Hermanos amados, no podemos permitirnos quedar en un estado inferior al óptimo; pues, si es así, nuestra obra no será bien hecha. Hubo un tiempo en que predicábamos con todas nuestras fuerzas. Cuando empezamos a predicar, ¡qué predicación, en cuanto a celo y vida! Al mirar atrás, nuestra propia humillación debe aumentar si percibimos que en tiempos más jóvenes, éramos más reales y más intensos de lo que somos ahora. Los críticos dicen que predicamos mucho mejor; y sabemos que hay más pensamiento y más exactitud en nuestros sermones, y que usamos más elocuencia que en nuestros días de juventud; pero ¿dónde están las lágrimas del principio de nuestro ministerio? ¿Dónde está el corazón quebrantado de nuestros primeros sermones? ¿Dónde está la pasión, dónde la negación propia que a menudo sentíamos cuando derramábamos nuestra misma vida en cada sílaba pronunciada? Ahora, vamos a veces al púlpito resueltos a hacer como hicimos entonces, como Samsón salió a hacer lo que antes había hecho. En otros tiempos había roto las cuerdas y las cadenas, e iba a hacer lo mismo de nuevo; peno el Señor se había apartado de él, y era tan débil como otro hombre. Hermanos, ¿qué ocurriría si el Señor se apartara de nosotros? ¡Ay de nosotros, y de nuestra obra!

Nada puede hacerse si el Espíritu Santo es retirado; ciertamente, ni siquiera podrá intentarse algo bueno. Me ha maravillado ver cómo algunas personas evitan predicar el Evangelio cuando profesan estar haciéndolo. Usan un texto que uno diría ha de entrar en la conciencia, pero consiguen hablar de tal manera que ni despiertan a los negligentes ni afligen a los que confían en sí mismos. Juegan con la espada del Espíritu como si fueran malabaristas de circo, en vez de lanzar la espada de dos filos a los corazones de los hombres, como hacen los soldados al entrar en combate. El Emperador Galiano, al ver que un hombre lanzaba una jabalina varias veces contra un toro sin alcanzarlo, y el pueblo lo abucheaba, llamó a aquel hombre, y colocando un laurel sobre su cabeza, dijo: «Es un mérito especial que sepas errar un blanco tan grande tantas veces». ¿Qué premio daremos a aquellos ministros que nunca dan en el corazón, nunca redarguyen de pecado a los hombres, nunca consiguen que el fariseo abandone su propia justicia, nunca influyen en el culpable hasta el punto de que se eche a los pies de Jesús como pecador perdido? Quizás un día pueda aspirar a ser coronado de vergüenza por tal crimen. Entre tanto, ceñid sus sienes con la sombra de la noche. Seamos como los zurdos de Benjamín, «que sabían lanzar piedras con gran precisión». Esto no podemos alcanzarlo a menos que la vida de Dios esté y abunde en nosotros.
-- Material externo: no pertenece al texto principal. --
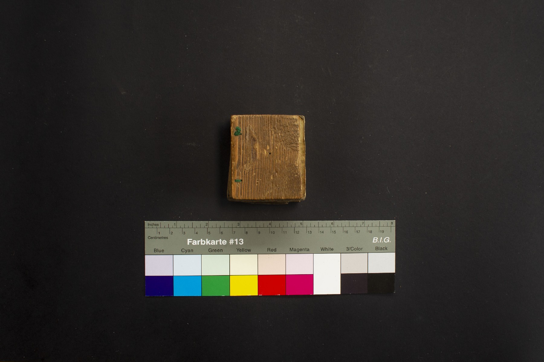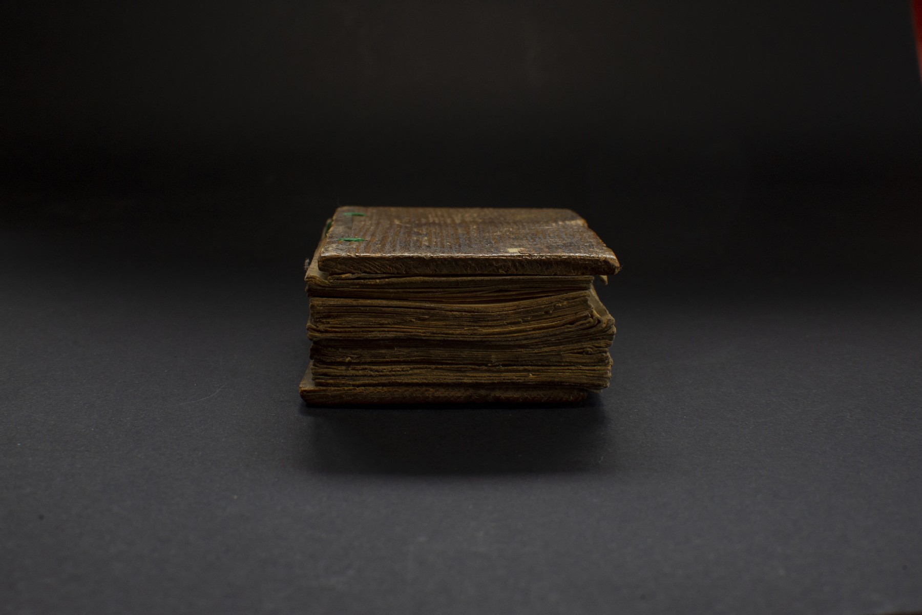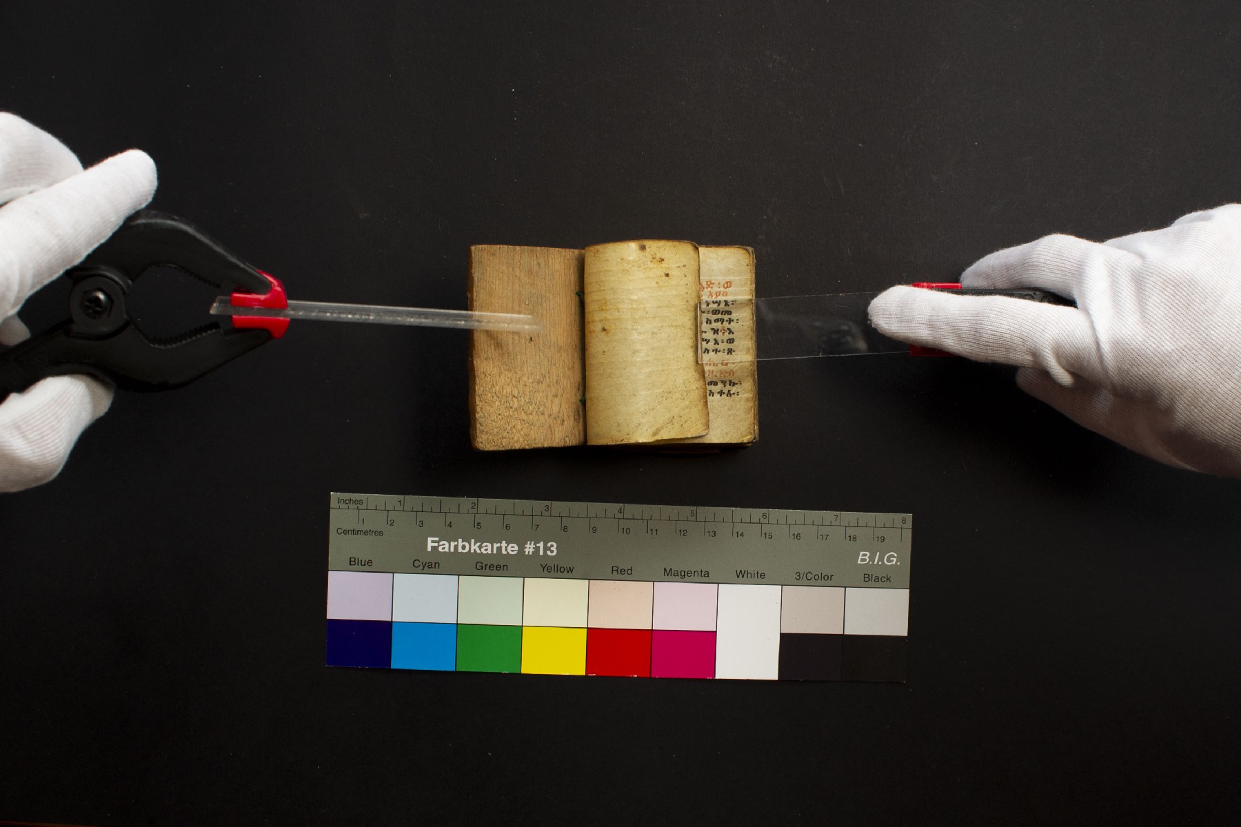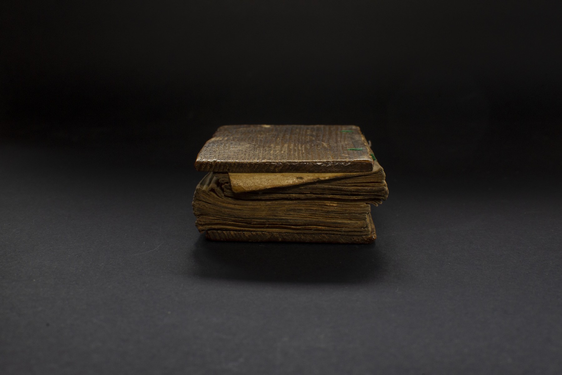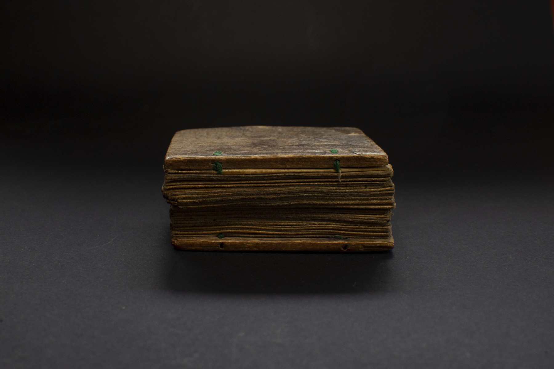 Two wooden boards. The spine is uncovered. Two sewing stations. |

Uno debe cuidarse como hombre, por causa de si mismo y de su casa; pero como ministro, debe cuidarse mucho más por causa de los que le están encomendados. Cierto capitán, en los Mares del Sur, tomaba, según se observó, una ruta más larga pero más segura para entrar en el puerto. Cuando alguien le dijo que era demasiado cuidadoso, replicó: «Llevo tantas almas a bordo que no puedo permitirme correr riesgo alguno». ¡Cuántas almas hay a bordo de algunos de nuestros barcos! ¡Cuántas almas -sí, a pesar de que la doctrina es poco popular, lo repito cuántas almas, no de criaturas que se extinguirán como perros y gatos, sino de seres de valor inapreciable, inmortales, encomendadas a nuestro cuidado! Dado que de nuestro ministerio, por la gracia de Dios, depende lo eterno -la vida y la muerte, el cielo y el infierno- ¿qué clase de personas debiéramos ser? ¡Cuán cuidadosos deberíamos ser en cuanto a nuestra salud espiritual! ¡Cuánto deberíamos desear estar siempre en nuestro más elevado nivel! Si yo fuese un cirujano, y tuviese que operar a un paciente, no me gustaría tocar ni el bisturí ni su carne cuando me sintiera irritado o tembloroso; no quisiera estar en otra condición que en la más tranquila, serena, y segura, cuando la menor diferencia podría significar el tocar un punto vital y poner fin a una vida preciosa. ¡Qué Dios ayude a todos los médicos de almas a estar siempre en su mejor forma!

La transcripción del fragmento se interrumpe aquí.